Safe Policy Improvement with Baseline Bootstrapping

In this umbrella project, we investigate a class of conservative Offline RL algorithms that use uncertainty estimators to decide whether they can trust their prediction to optimize their policy of they would better reproduce the policy that was used to collect the dataset.

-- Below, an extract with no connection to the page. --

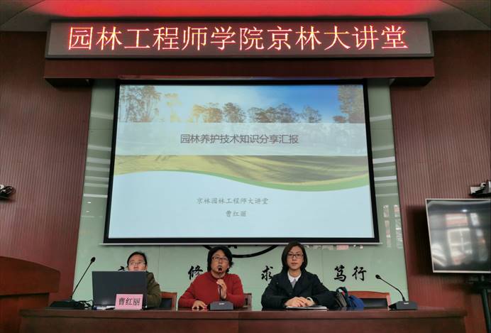 2021年12月21日,园艺系园林工程师学院京林大讲堂在旧综合楼报告厅开讲。园艺系副主任吴晓云、园林专业主任李玉舒、北京京林园林集团有限公司培训部经理曹红丽和园艺系园林技术专业全体师生参加。
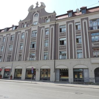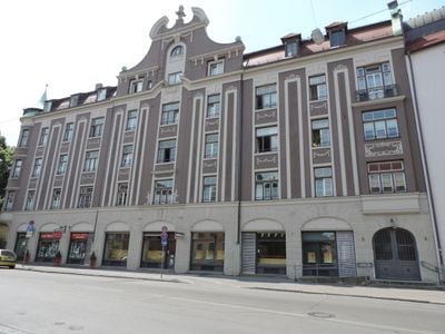 Ehemalige Jakobspfründe, jetzt Altersheim der Paritätischen St. Jakobsstiftung, viergeschossiger Mansarddachbau mit südöstlichem Runderker und flachem Mittelrisalit mit geschwungenem Giebel, neubarocker Erweiterungsbau, 1899, vgl. Mittlerer Lech 5

This umbrella project focuses on Offline RL (opens in new tab) algorithmic development in the space of conservative algorithms, i.e. algorithms that constrain the set of candidate policies in such a way that it remains close to the behavioral policy (also called baseline). Our algorithmic contributions to the field have focused more precisely on SPIBB* algorithmic family which offers guarantees on the policy improvement granted by the trained policy as compared to the behavioral policy (see blog post):

  • SPIBB [ICML’19] [RL1] provides the seminal algorithm with a theoretical and empirical analysis in the tabular MDP setting. Its motto: Allow change only when you have sufficient evidence that it is for the better.
  • Soft-SPIBB [ECML’20] provides a softening of the SPIBB algorithm with a theoretical and empirical analysis in the tabular MDP setting. Its motto: Allow change for the better proportionally to the amount of evidence.
  • Estimated-baseline SPIBB [AAMAS’20] proves that both SPIBB and Soft-SPIBB keep their guarantees when the behavioral policy is not given, but learnt with behavioral cloning.
  • Multi-Objective SPIBB [NeurIPS’21] provides an algorithmic, theoretical, and empirical extension to the setting of Multi-Objective RL.
  • Deep SPIBB [RLDM’19 + in review (opens in new tab)] algorithmically and empirically studies the adaptation of SPIBB algorithms to complex tasks requiring function approximation.